Hari ini saya diajak seorang kawan untuk mengikuti Kajian Koridor Wilayah Perkembangan Pembangunan (kaitannya dengan MP3EI). Lumayan, saya jadi belajar lagi. Dan ilmu ekonomi saya ter-refresh lagi.
Masalahnya, di sela-sela diskusi, salah satu keynote speaker tiba-tiba saja bertanya ke saya, apa indikator ekonomi, dikaitkan dengan kinerja daerah. Matemijaaaaa… Kodong, saya lupa. (Lho, kenapa saya mendadak berbahasa Makassar? Hahaha..) Uuughh! Jadi gregetan sendiri, ilmu ekonomi mikro yang saya pelajari 15-20 tahun lalu menguap begitu saja. Padahal nilai akademis saya untuk pelajaran Mikroekonomi selalu A dan B. 😀
Akhirnya tadi saya ngasal jawabnya. *gubraks* Saya katakan, indikatornya Perda yang mendukung, serta dukungan sapras dan infrastruktur penunjang ekonomi. Sang penanya cuma senyum-senyum aja.. Hahaaaaa.. wajah saya pasti kayak pelangi-pelangi alangkah indahmu saking malu ditahan, sok pede. 🙂
Anyways, ini membuat saya jadi cari tahu, browsing artikel-artikel ekonomi via Neng Google. Dua artikel berikut menarik, menurut saya, untuk diingat dan diamalkan kemudian. Saya copas di sini sebagai catatan pribadi. Mudah-mudahan bermanfaat juga untuk pembaca lainnya. Tautan sumber saya cantumkan di akhir artikel masing-masing. Happy reading.. 😉
Mudah Memahami dan Menganalisis Indikator Ekonomi
POSTED ON 30 JULY, 2013 BY EDITORIAL TEAM
Mengapa kita perlu indikator ekonomi? Pertama, indikator ekonomi dibutuhkan untuk memberikan sinyal ke mana ekonomi bergerak (Baumohl, 2008: xv-xix). Siapa pun yang berkepentingan dengan pengambilan keputusan pasti membutuhkan informasi yang dapat mempengaruhi penentuan kebijakan fiskal, kebijakan moneter, kebijakan sekroral (industri, perdagangan, energi, pangan), nilai saham dan obligasi, serta kurs mata uang. Presiden, menteri, dan para pejabat eselon satu/dua di pemerintah pusat membutuhkan indikator ekonomi ketika menyusun rencana jangka panjang nasional (RPJPN) dan jangka menengah nasional (RPJMN). Gubernur, bupati, walikota, kepala dinas, dan ketua-ketua Badan Perencanaan Pembangunan Daerah (Bappeda) memerlukan indikator ekonomi ketika mengevalusi kinerja pemerintahannya dan hasil-hasil pembangunan, menyusun rencana jangka panjang daerah (RPJPD) dan jangka menengah daerah (RPJMD), dan membangun ekonomi lokal/kota/kawasan (Kuncoro, 2012).

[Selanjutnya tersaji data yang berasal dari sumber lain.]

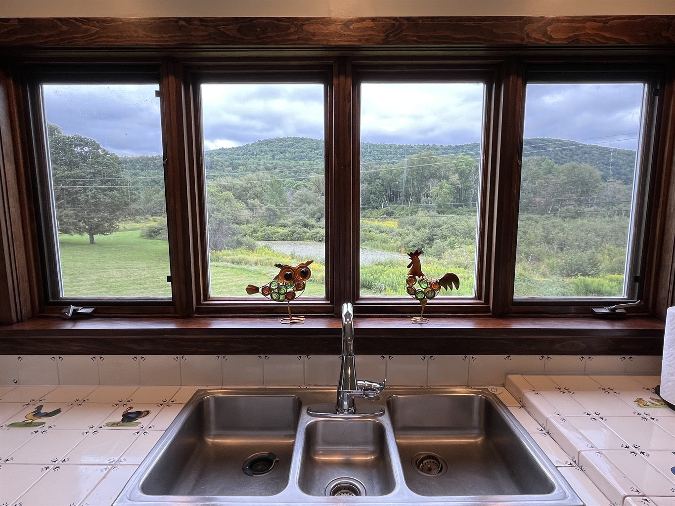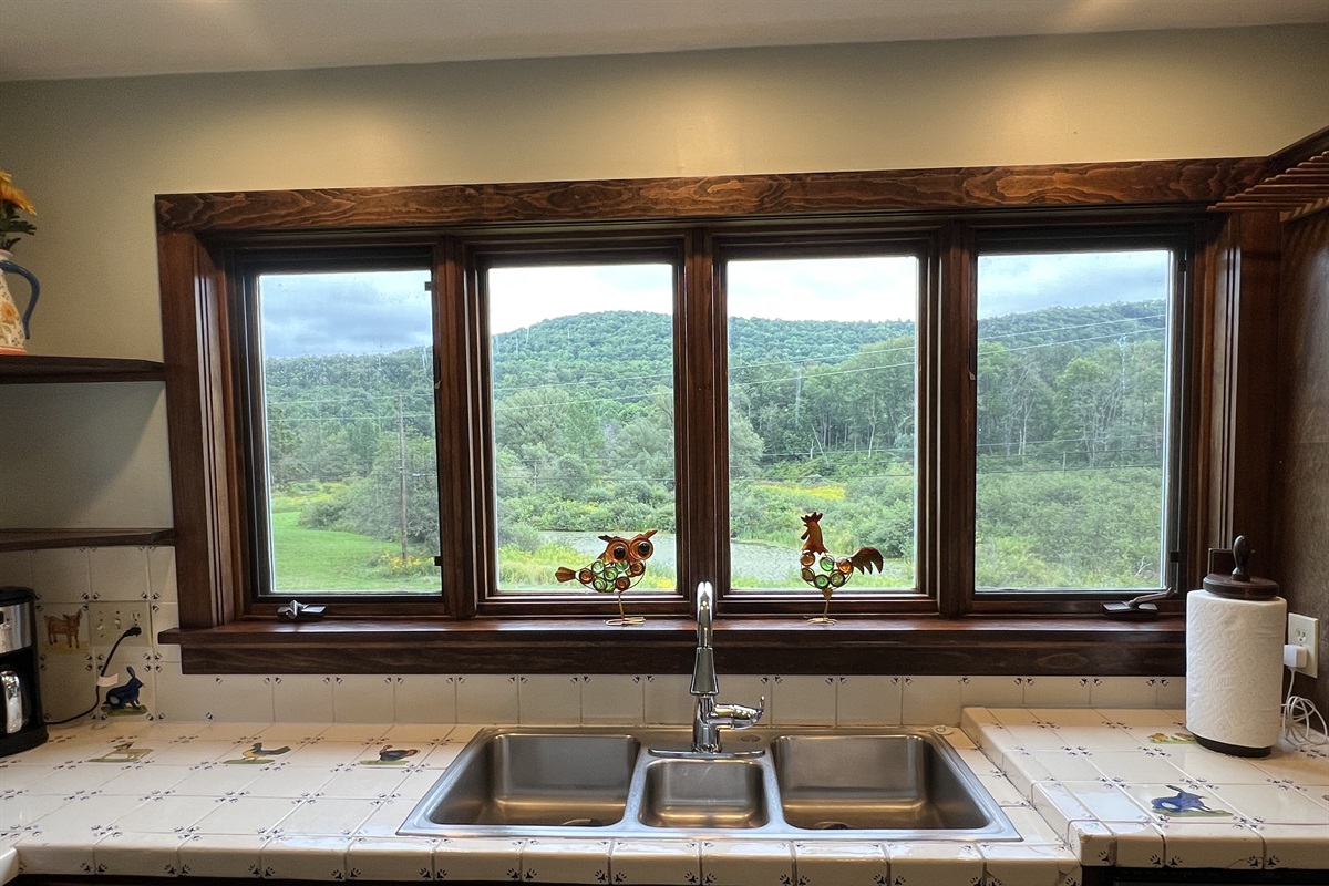 The property is surrounded by lush greenery and a large open lawn perfect to enjoy outdoor activities! There is a beautiful scenic pond visible from the kitchen sink.

Kedua, mahasiswa S1, S2, dan S3 seringkali kesulitan mencari sumber data, dasar perhitungan data tertentu, membaca data, dan menganalisis data menjadi indikator kinerja dan perkembangan ekonomi nasional, sektoral, maupun daerah. Dengan perkembangan internet, hampir semua data indikator ekonomi saat ini sudah dapat diunduh lewat situs resmi pemerintah maupun lembaga yang produsen data seperti Badan Pusat Statistik (BPS), International Monetary Fund (IMF), World Bank (WB), Asian Development Bank (ADB). Masalahnya, mahasiswa sering tidak tahu: (1) sumber data yang dibutuhkan bisa diunduh di mana?; (2) bagaimana menyesuaikan tahun dasar yang berbeda?; (3) mengapa data makro dari sumber berbeda ternyata berbeda nilainya?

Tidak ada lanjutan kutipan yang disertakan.